-- DATASET CONTENT --
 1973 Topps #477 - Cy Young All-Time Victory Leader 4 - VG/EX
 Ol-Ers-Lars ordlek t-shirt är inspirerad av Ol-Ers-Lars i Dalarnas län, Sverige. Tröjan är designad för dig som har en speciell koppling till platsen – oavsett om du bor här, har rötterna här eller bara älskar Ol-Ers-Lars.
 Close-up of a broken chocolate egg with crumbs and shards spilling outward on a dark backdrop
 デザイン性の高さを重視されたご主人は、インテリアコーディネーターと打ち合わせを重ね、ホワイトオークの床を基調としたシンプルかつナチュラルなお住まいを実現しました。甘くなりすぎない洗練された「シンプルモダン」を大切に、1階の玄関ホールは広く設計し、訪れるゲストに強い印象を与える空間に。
---
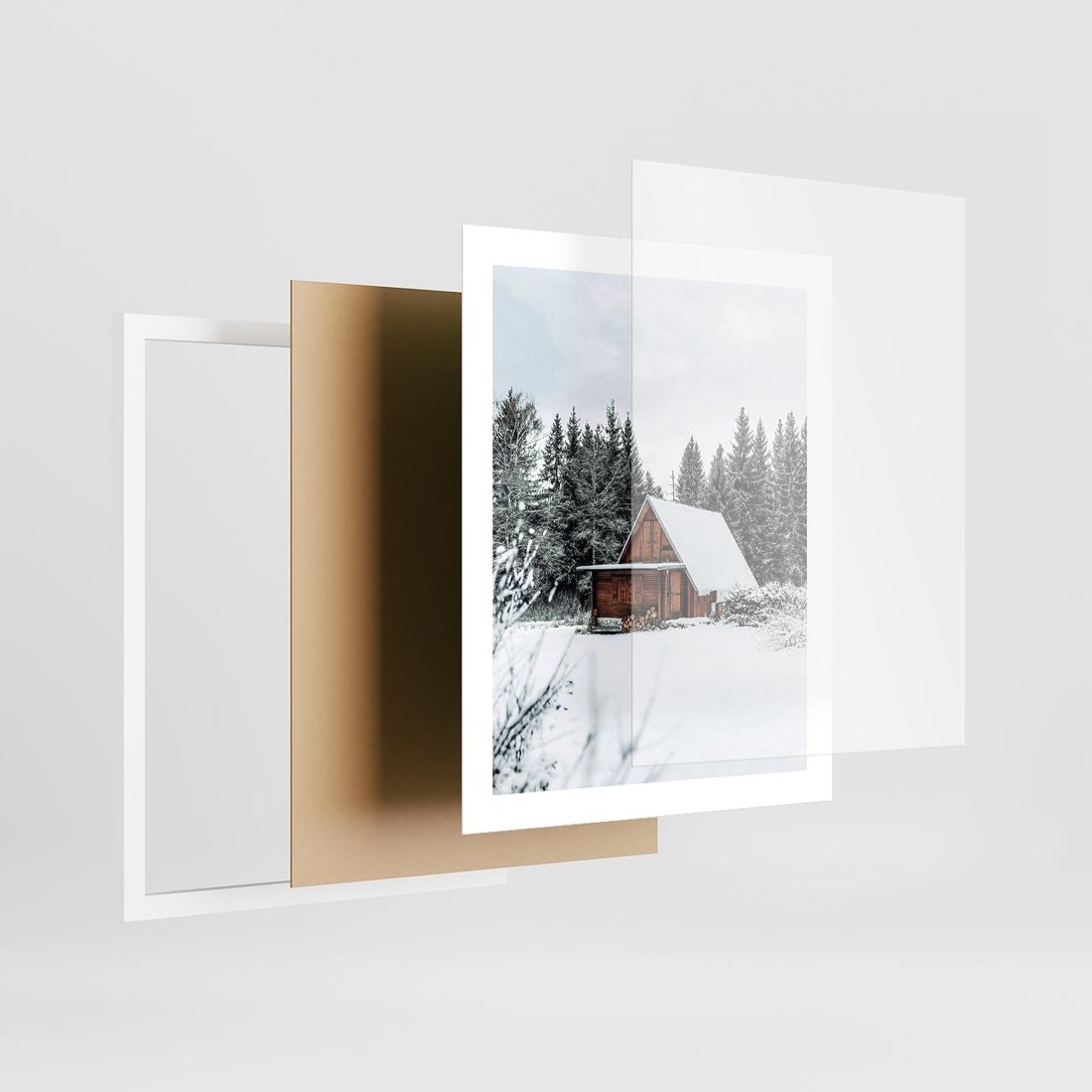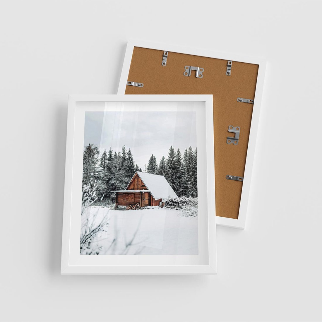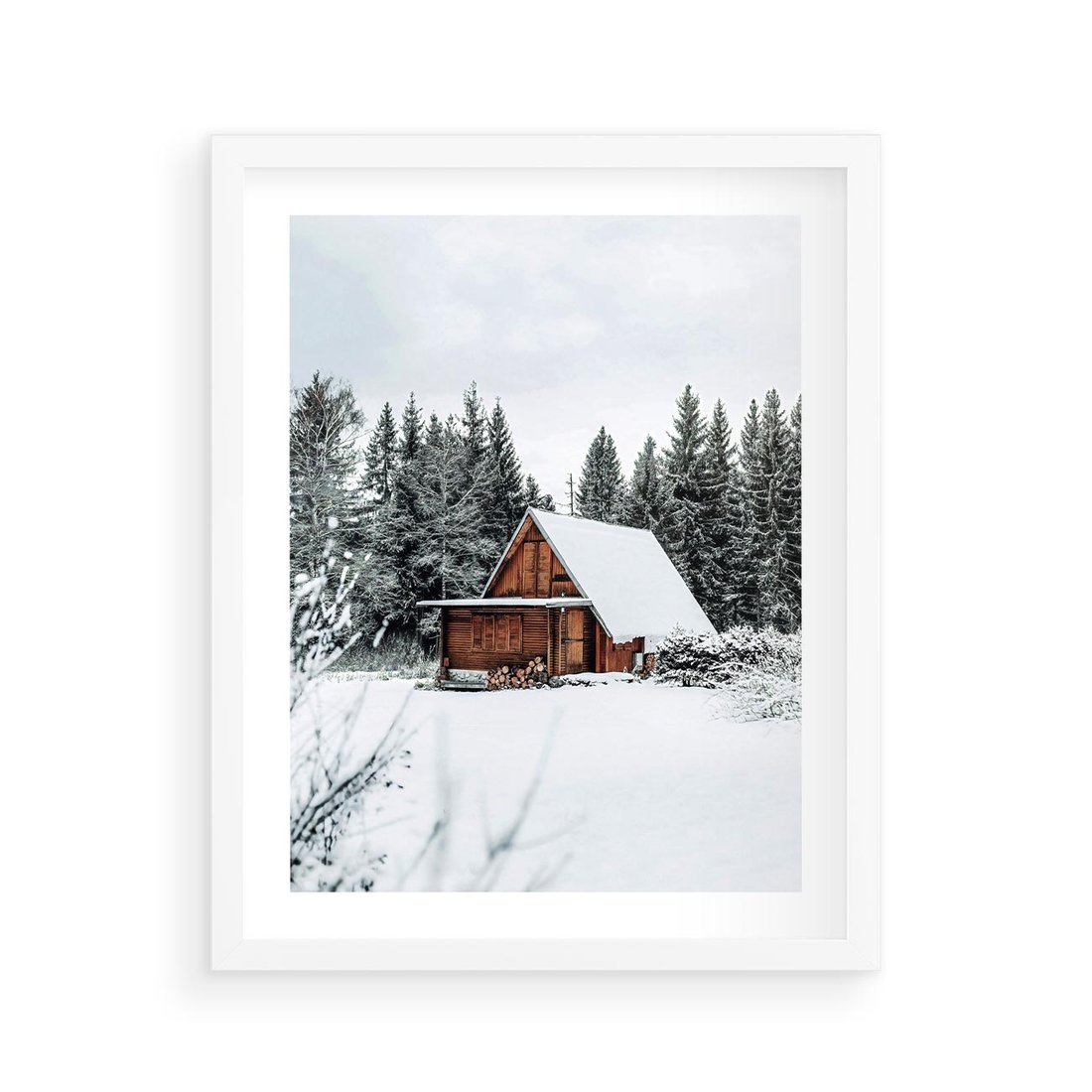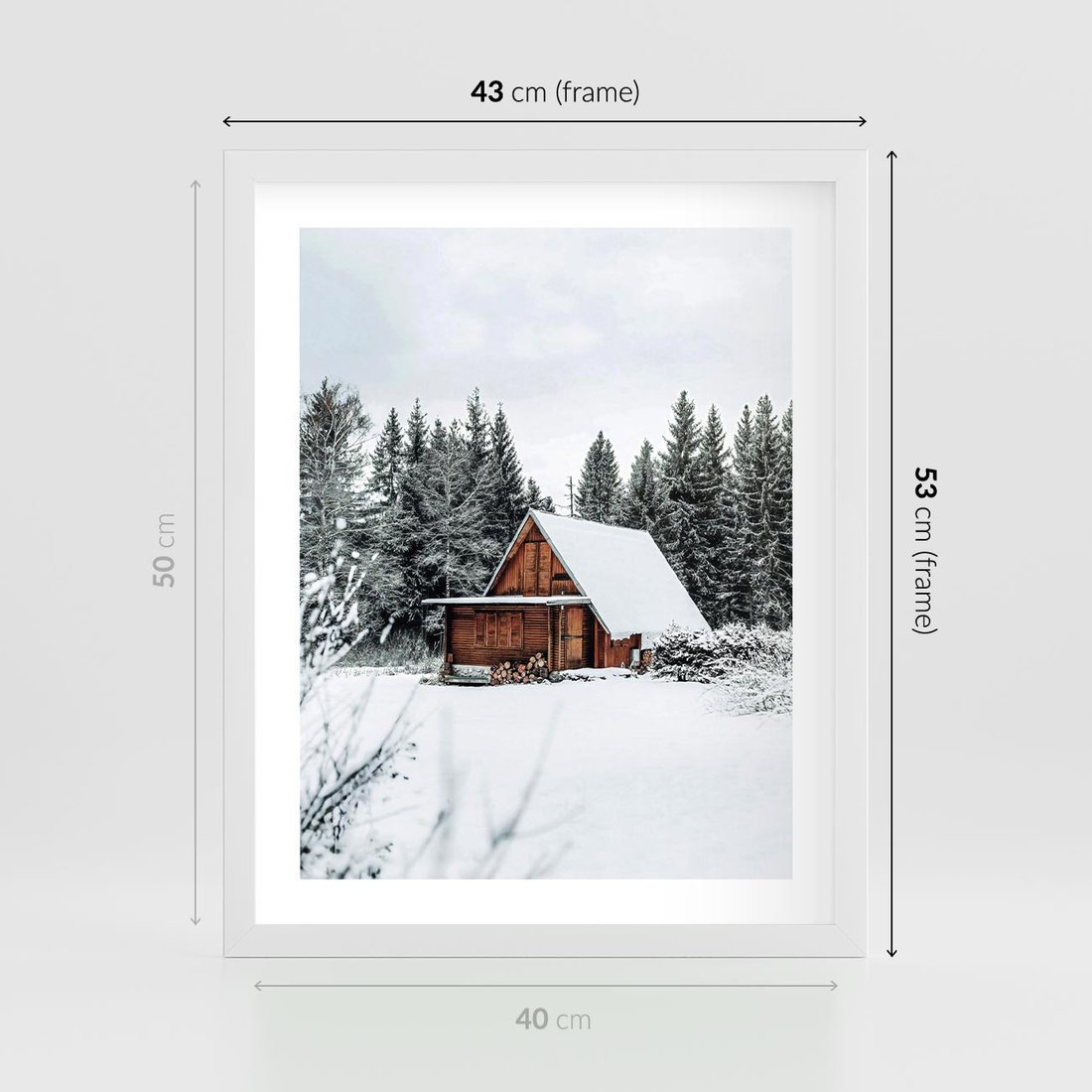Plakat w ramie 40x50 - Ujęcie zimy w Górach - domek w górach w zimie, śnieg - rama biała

-- PROBLEM STATEMENT --
Above are the records; from them, give again exactly the lines from the one containing "Close-up of a" to the one containing "デザイン性の高さを重視された", both lines included, and nothing more.

-- EXERCISE RESPONSE --
 Close-up of a broken chocolate egg with crumbs and shards spilling outward on a dark backdrop
 デザイン性の高さを重視されたご主人は、インテリアコーディネーターと打ち合わせを重ね、ホワイトオークの床を基調としたシンプルかつナチュラルなお住まいを実現しました。甘くなりすぎない洗練された「シンプルモダン」を大切に、1階の玄関ホールは広く設計し、訪れるゲストに強い印象を与える空間に。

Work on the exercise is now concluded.